Василий пустил гостей в дом, накормил их и напоил самогоном. От самогона они воротили нос, но откушали. Жевать они вообще не могли. Губы на их лицах были не настоящими. Вместо языков они имели тонкие трубочки, через которые втягивалась жидкая пища. Что-то вроде полого жала. Гости имели при себе подарки. Василий взял подарки и поблагодарил гостей. Он боялся и думал, что губит свою душу. Но подарки-то были такими, что отказаться он не мог. Поэтому он взял все и попросил еще кое-что.
– Что?
– А что бы попросил ты? Что бы попросил любой другой? Все мы скроены одинаковыми, малыш. Он попросил подарить ему золото. Очень много золота.
– Так просто? – спросил Ложкин.
– А как ты думаешь? Они удивились, но дали. Сделали ему золото сразу же, на месте, за минуту. И пообещали потом подарить намного больше. Сколько угодно золота. Но ему не нужно было сколько угодно, вот в чем дело.
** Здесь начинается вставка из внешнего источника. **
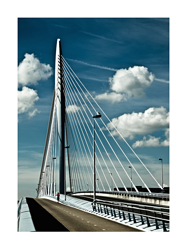 Lo svettare dei tiranti del ponte sospeso sono resi ottimamente.Si legge forza ed eleganza al contempo. Ottima composizione. Complimenti Ok!

Он был человеком расчетливым. И он рассчитал правильно: одно дело, если подарками владеет только он, и совсем другое – когда то же самое есть у всех.
Гости собирались провести ночь в доме, а потом уйти в город. Василий уложил их спать, а когда они крепко уснули, убил всех троих. Он перерезал им глотки, и убедился, что кровь их была светло-розовой, как будто разбавленной молоком. Он спрятал тела в подвале, продал часть золота, а потом построил новый дом. Построил его прямо над старым. Тот самый дом, который стоит до сих пор. Дом твоего детства.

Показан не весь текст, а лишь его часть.